Nachtspeicherheizungen mit getrennter Messung?

Heizung und Strom – Getrennte Messung

Nachtspeicherheizungen haben in der Regel einen eigenen Stromzähler für den Stromverbrauch. Der Haushaltsstrom wird mit einem eigenen Zähler separat gemessen.

Wichtig: Durch die getrennten Messung gelten die beiden Stromzähler als getrennte Abnahmestellen. Also ist es möglich einen Stromanbieter für den Heizstrom und einen anderen Stromanbieter für den Haushaltsstrom zu haben. Durch die getrennte Behandlung erhalten Sie für jeden Stromzähler eine eigene Jahresabrechnung. Nach einem Wechsel des Stromanbieters bleiben die Leitungen und die Zähler im Besitz des örtlichen Netzbetreibers. Dieser übernimmt auch weiterhin die Wartung und Entstörung. Bei einem Wechsel des Nachtstromanbieters ist es Voraussetzung, dass der heimische Anschluss unterbrechbar ist. Sonst sind keinerlei technischen Umstellungen notwendig.
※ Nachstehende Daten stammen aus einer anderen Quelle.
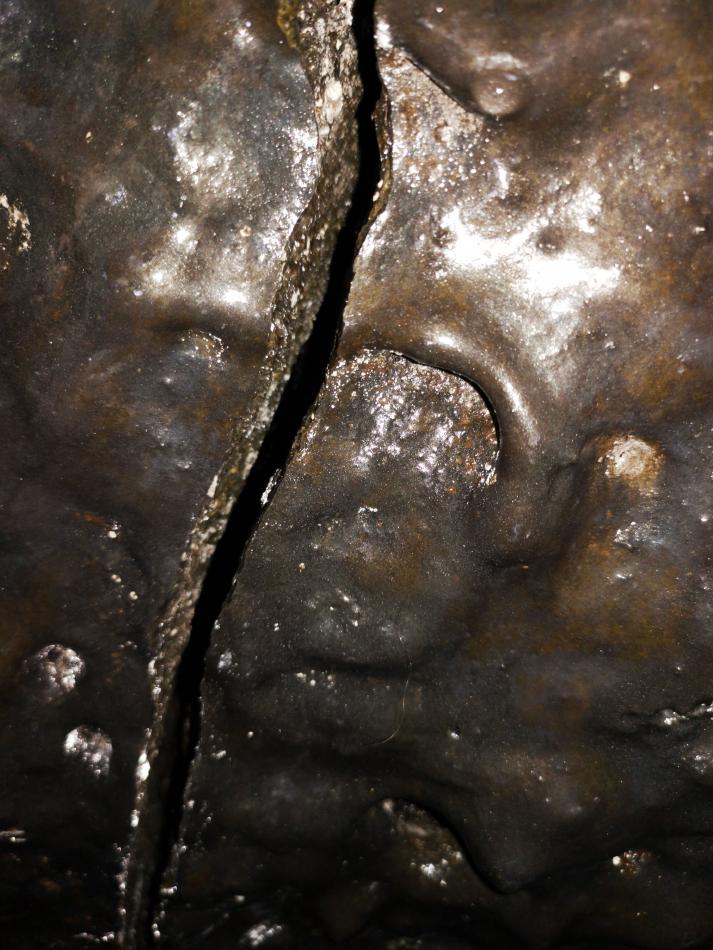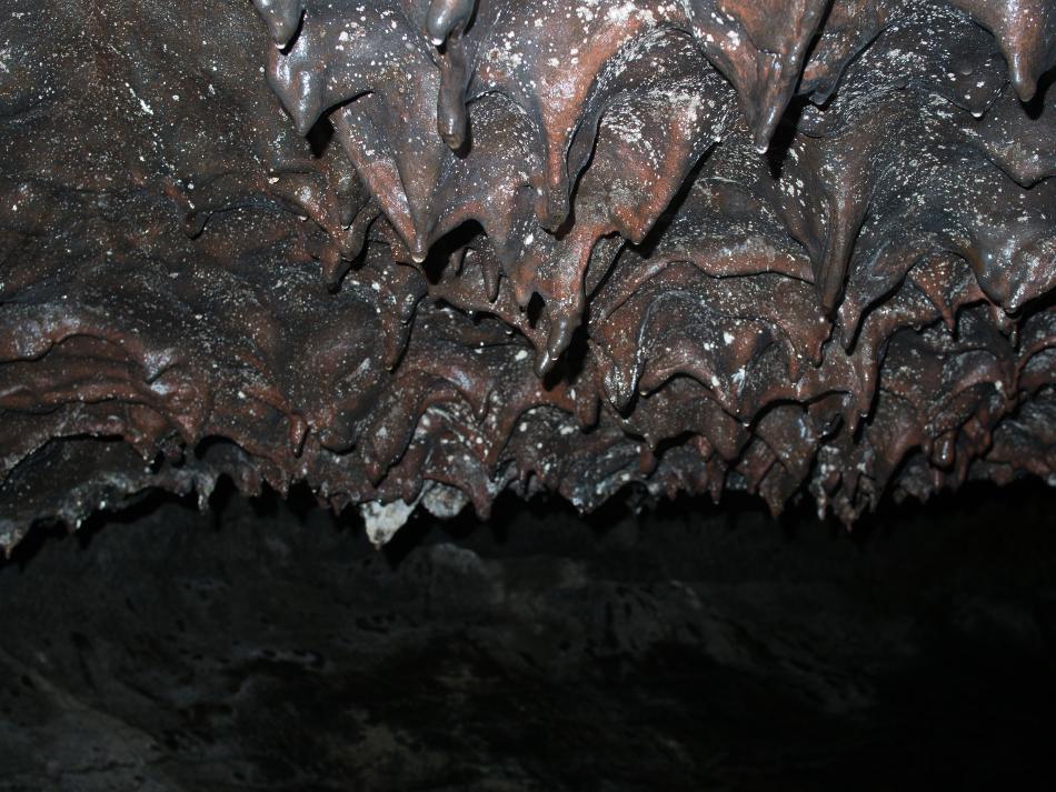 An der Decke gab es immer wieder Stalaktiten, also Gesteine, die sich aus den Mineralien des Wassers bilden, das von der Decke tropft (siehe Konzept einer Tropfsteinhöhle) – die Steine sind ziemlich Spitz und einer der Gründe, warum es sich lohnt hier in der Höhle einen Helm zu tragen. Über die Zeit sind aber auch schon einige Stalaktiten abgebrochen, weil jemand dagegen gelaufen ist – ziemlich schade, weil das Abbrechen recht schnell geht und zum Wachsen Jahrhunderte vergehen.

Heizung und Strom – Gemeinsame Messung

Auf der anderen Seite gibt es Nachspeicherheizungen bei den der Haushaltsstrom und der Nachtspeicherstrom mit einem gemeinsamen Stromzähler erfasst wird. Lange Zeit bestand hier keine Möglichkeit zu wechseln. Mittlerweile gibt es jedoch auch hier günstige Alternativen bei der Nutzung einer Nachtspeicherheizung mit gemeinsamer Messung.

Nachts speichern, tagsüber heizen

Nachtspeicherheizungen erzeugen Wärme durch Strom. Dieser wird nachts gespeichert und am Tag zum Heizen genutzt. Trotz ihrer geringen Energieeffizienz eignen sich die Heizungen besonders mit der Nutzung von erneuerbaren Energien.

Stromzähler für Heizstrom: Eintarif und Doppeltarif

Der Stromzähler für Heizstrom ist entweder mit einem oder zwei Zählwerken ausgestattet. Vor allem bei Nachtspeicherheizungen oder Wärmepumpen gibt es diese Doppeltarifzähler, die den Stromverbrauch zeitabhängig messen. Tagsüber wird zum Hochtarif, nachts zum in der Regel günstigeren Niedertarif abgerechnet. Wenn Sie einen Eintarifzähler haben, benötigt der Rechner nur den gesamten Jahresverbrauch für den Tarifvergleich. Haben Sie einen Doppeltarifzähler, sollten Sie angeben, wie viele Kilowattstunden im Hochtarif und wie viele im Niedertarif abgerechnet werden. Diese Angaben finden Sie auf Ihrer letzten Jahresabrechnung.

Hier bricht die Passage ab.